Towards Mechanistically Understanding Why Memorized Knowledge Fails to Generalize in Large Language Model Finetuning
When we fine-tune Large Language Models (LLMs) to learn new facts, they often exhibit a frustrating behavior: they can easily recall the new information when asked directly, but they fail to use that same information to solve complex, multi-step reasoning tasks. This paper investigates this phenomenon, which the authors call the "Knowing–Using Gap." The research aims to understand why this gap exists and why there is often a significant time lag between when a model memorizes a fact and when it finally becomes capable of using that fact for reasoning.
The Knowing–Using Gap
The researchers define this gap through two main observations: an accuracy gap, where the model’s performance on reasoning tasks remains lower than its performance on simple memorization, and a temporal lag, where the ability to use the knowledge emerges much later than the ability to recall it. Through experiments across different domains, the authors found that while models can quickly store new data, this storage does not automatically translate into the ability to integrate that data into the model’s existing reasoning circuits.

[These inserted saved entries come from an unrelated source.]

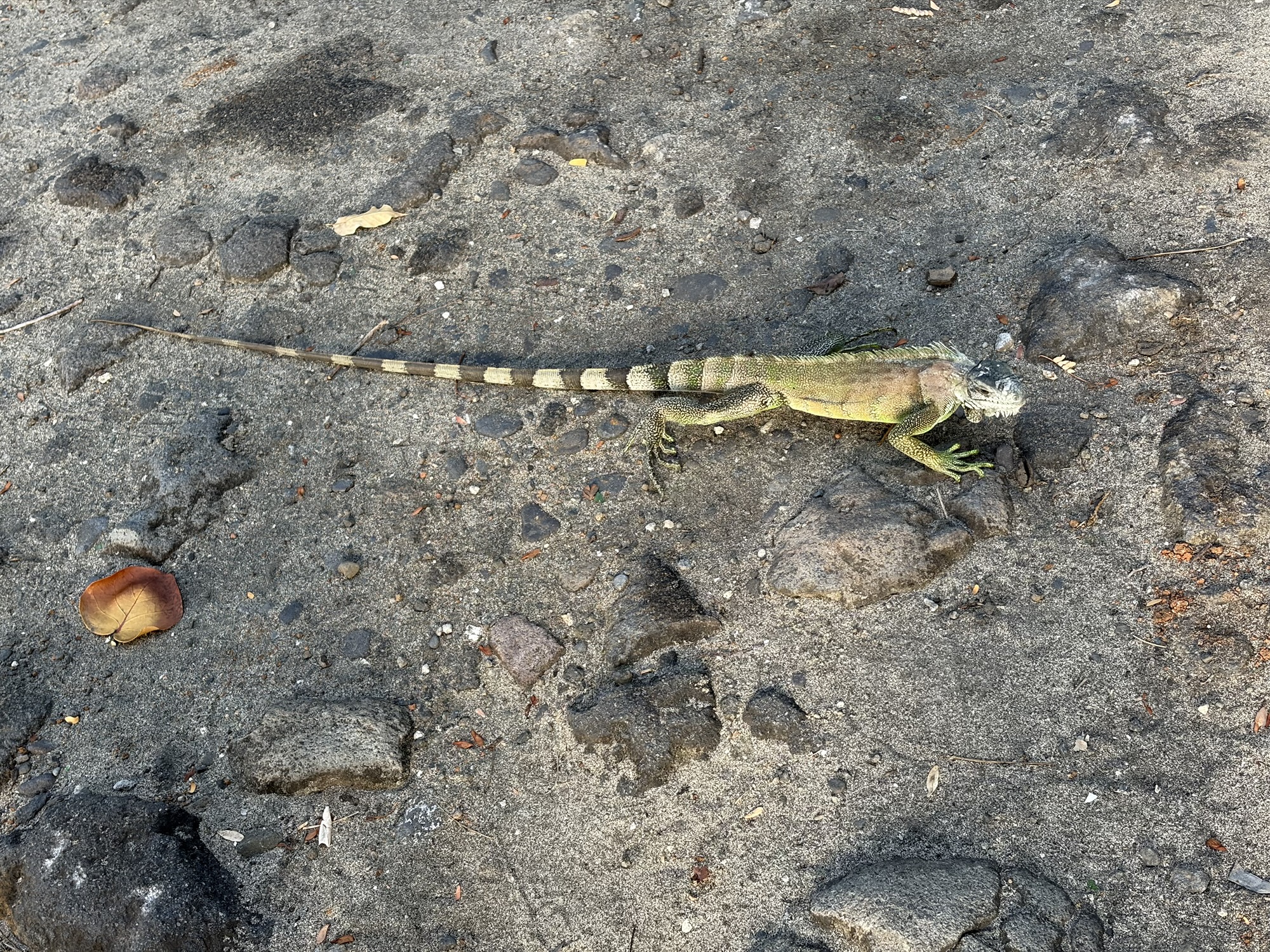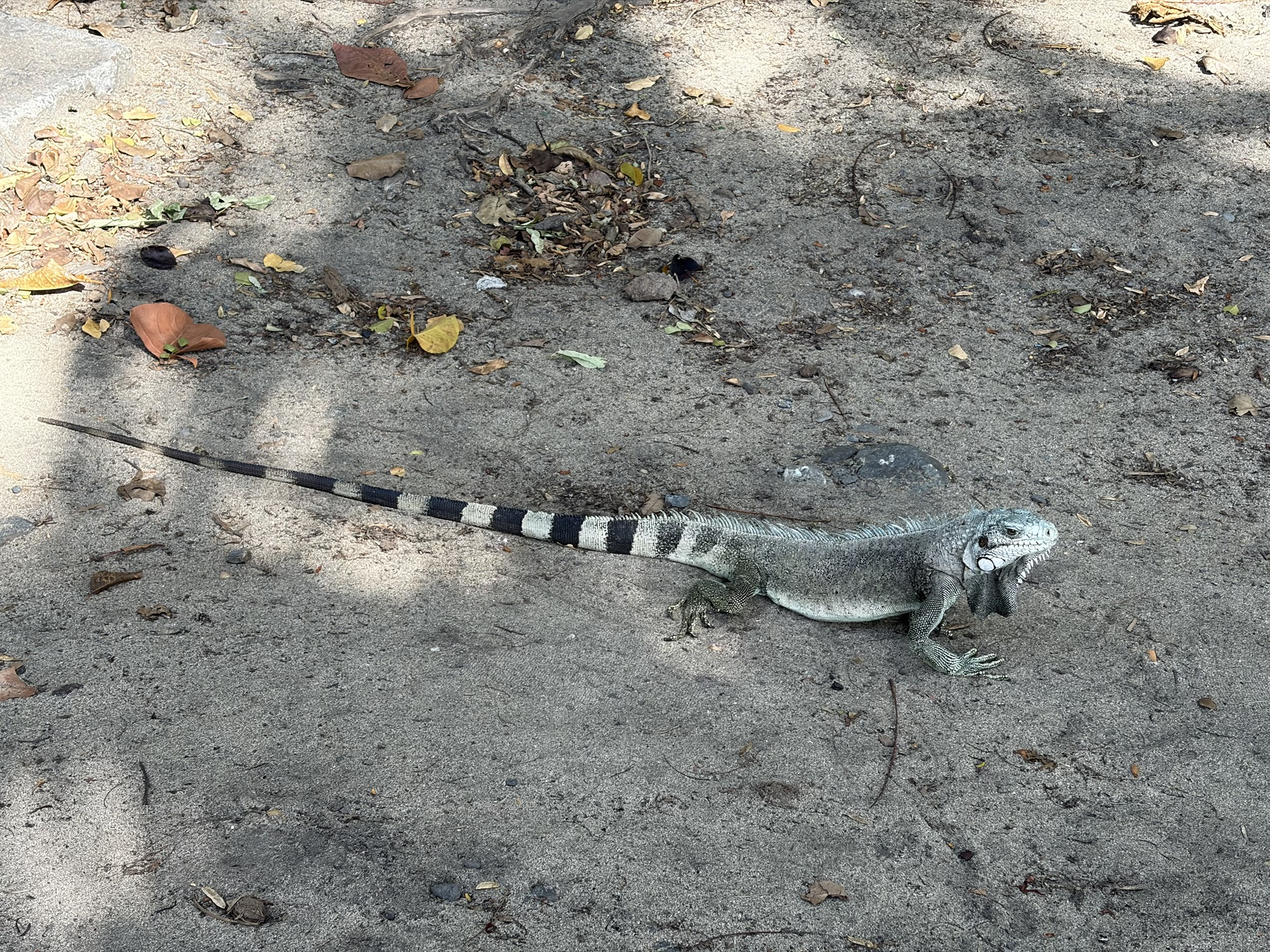 Diesmal treffen wir auch an Land auf allerlei Tiere. Die überall vorhandenen Hühner erwähne ich schon gar nicht mehr. Hier sind mehrere Leguane unterwegs.
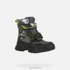 patogūs kvėpuojantys batai berniukui su storu padu. Ši nevegal abx versija, paimta iš populiariausių detalių ir robotų pasaulio, yra pagaminta iš nailono ir nudažytos odos, tamsiai pilkos ir žalios spalvos. Tai idealus būdas sutikti žiemą su stiliumi. Puiki laisvalaikio avalynė, šie jaukūs kulkšnies batai apsaugo kojas nuo šalčio, sniego ir lietaus dėl savo vandeniui atsparios apdailos, nuo ryto iki vakaro lepindami vaikus geros savijautos pojūčiu ir džiugindami juos linksmais šoniniais žibintais. div>
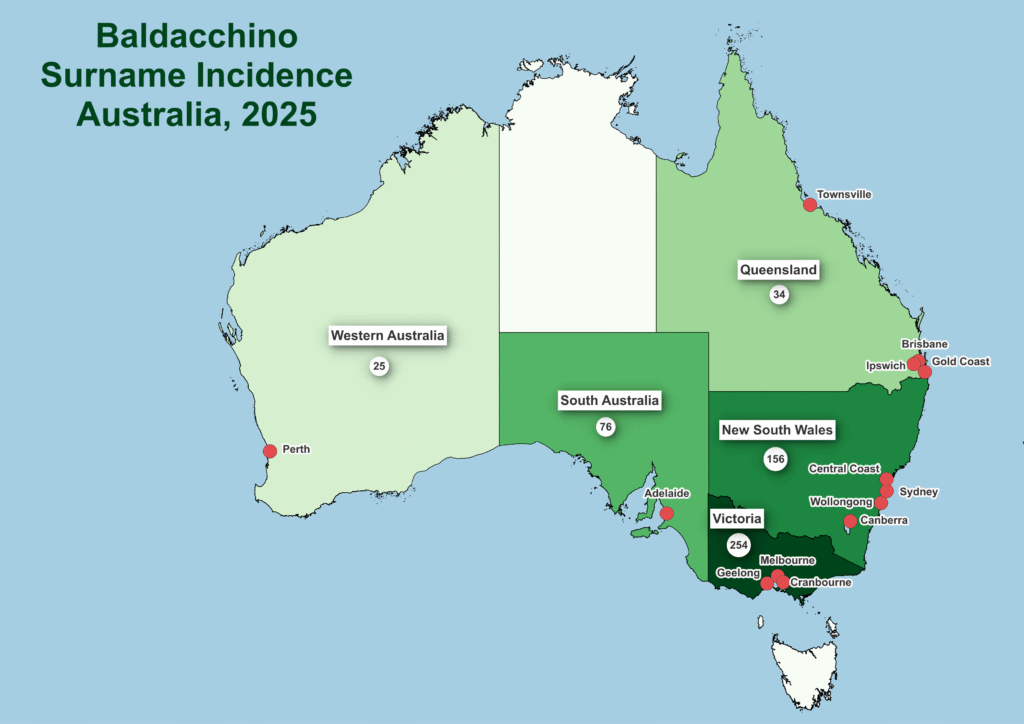 forebears.io estimates that, in 2025, there were 531 people with the surname Baldacchino, 11 with Baldachino and 3 with Baldaccino in Australia. The very few spellings other than Baldacchino are likely to be simple misspellings in the sources for frequency today, e.g. phone directories, voter lists and the like. Also, the complete absence of the variant name Ballacchino is a good indicator that the Baldacchinos in Australia came mostly from Malta rather than Sicily since the Ballacchino spelling is so prevalent in Italy. Australian Baldacchinos are clustered in the vicinity of Australia’s major cities along the coast, with Greater Melbourne in Victoria the preference of almost half of all Baldacchinos in the country.
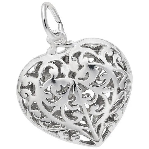 Rembrandt Filigree Heart Charm. 3 Dimensional Heart Charm is puffed and hollow inside with detailed filigree pattern all around. A perfect charm for your charm bracelet or worn on a necklace. 0.71 inches by 0.70...
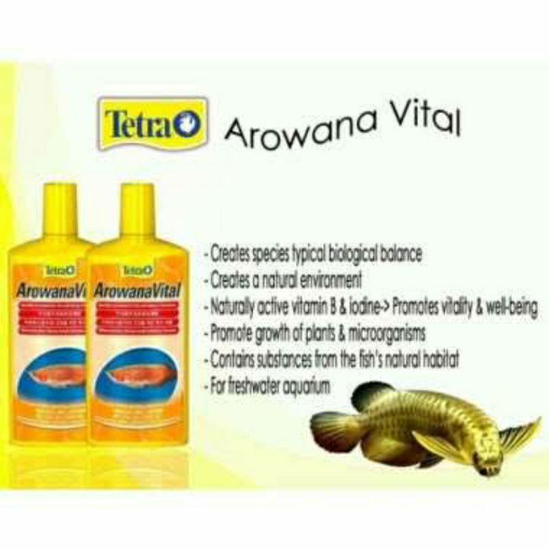 Tetra Aqua Arowana Vital mengandung lodine dan Vitamin B yang sangat penting untuk kelangsungan hidup Arowana. penggabungan vitamin B (B2, B6, B12. iodine dan lain-lainnya) menjadikan ikan arowana tumbuh sehat, kualitas warna ikan terjaga dan meningkatkan vitalitas ikan.
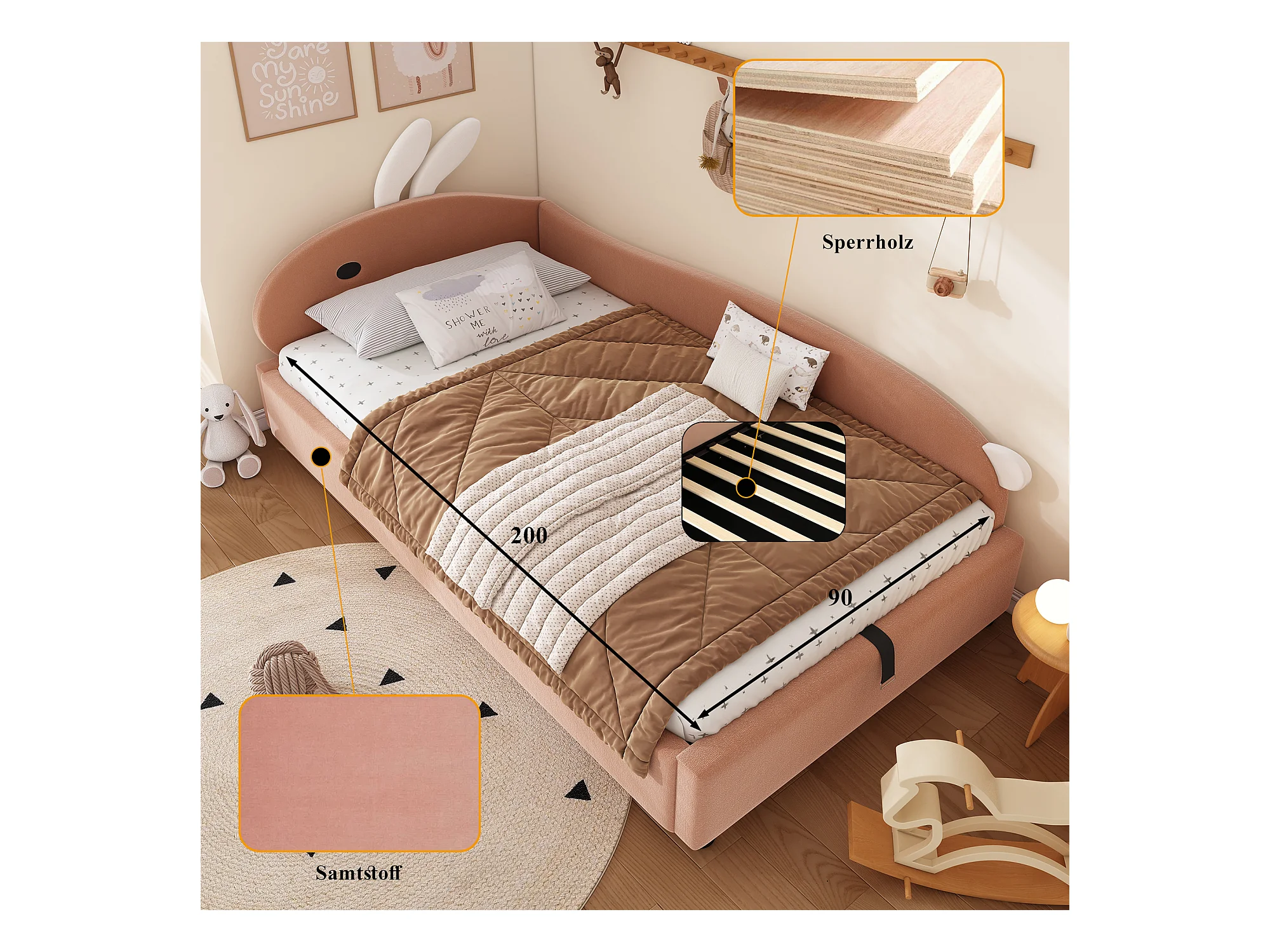 Lit enfant 90x200 cm, avec rangement hydraulique, tête de lit en forme de lapin, tissu en velours, gris et blanc, 205x93.5x92 cm
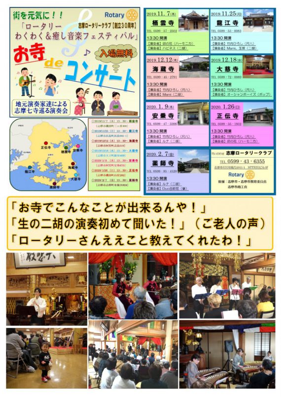 2019年11月7日より2020年2月7日に亘り、7ヵ寺を演奏家、当クラブの会員がまわり、地元在住の老若男女およそ600名に心癒される音楽を聴いていただくことができました。新型コロナウイルス感染症の影響を受ける前に終了することができ、会員も一番の喜びでした。
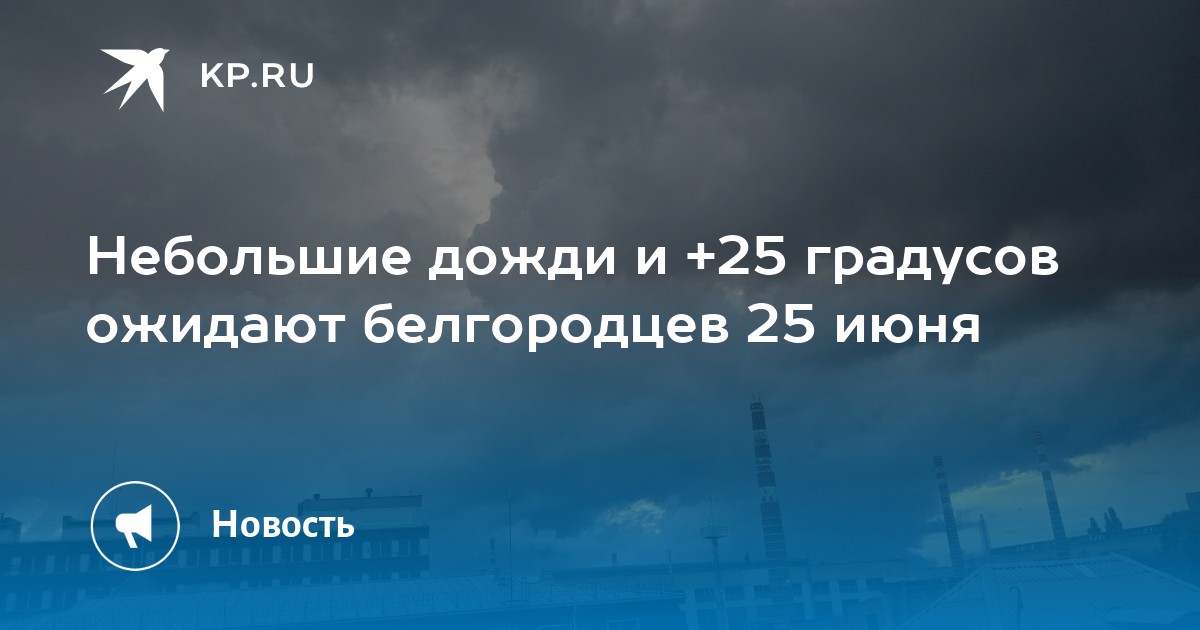 По прогнозам синоптиков, во вторник, 25 июня, на территории Белгородской области ожидается облачная с прояснениями погода. Днем и ночью по региону пройдет небольшие кратковременные дожди, местами возможны грозы. Ветер северный ночью от 5 до 10 метров в секунду, днем 8-13 м/с. В ночное время температура воздуха понизится до +11… +16 градусов, днем столбик термометра будет колебаться на отметках 20-25 градусов тепла.
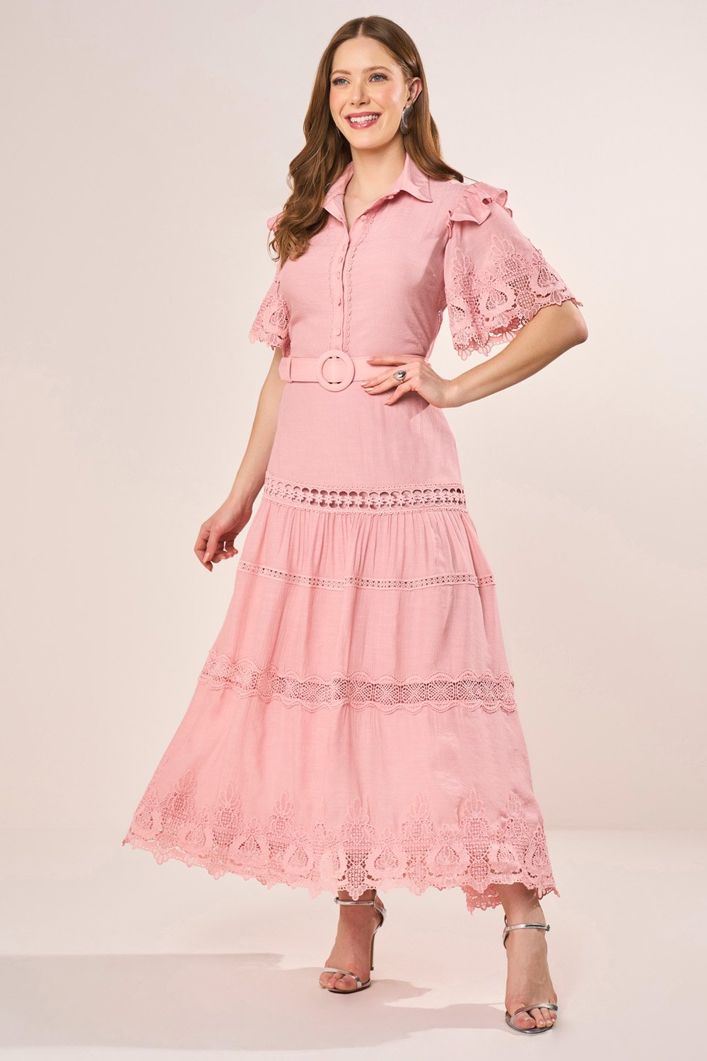 -20%FRETEGRÁTISENVIOIMEDIATOVestido Rosa Decote Redondo E Babados Evasê Midi Fasciniusde R$ 999,90 porR$ 743,93 no PIX

Self-Patching: A Diagnostic Tool
To look inside the model, the authors introduced a technique called "self-patching." This method involves taking the internal representation of a fact from one part of the model and "patching" or moving it into another layer to see if it triggers the correct answer. By scanning different layers, the researchers created a map of how knowledge moves through the model. They discovered that in cases where the model fails to generalize, the necessary information is often present internally but is "stranded"—it is stored in layers that are not effectively connected to the model's reasoning processes.
Knowledge-Circuit Misalignment
Based on these findings, the authors propose the "knowledge-circuit misalignment hypothesis." This suggests that the failure to generalize is not due to a lack of capacity, but rather a failure of the model to route memorized information into the specific "computation-effective" layers required for multi-hop reasoning. In many cases, the model stops updating its internal pathways once it achieves simple memorization, leaving the knowledge in a location where it cannot be used for more complex tasks.
Practical Implications
The researchers demonstrated that this is not just a theoretical problem. By using a simple heuristic strategy to manually relocate these "stranded" representations to the correct layers, they were able to recover 58–75% of the potential performance that the model was failing to achieve on its own. This suggests that the knowledge is already there, but the model simply needs a better internal "map" to route that information where it is needed most. These findings remain consistent across different model architectures and domains, providing a clearer path for improving how we teach new information to LLMs.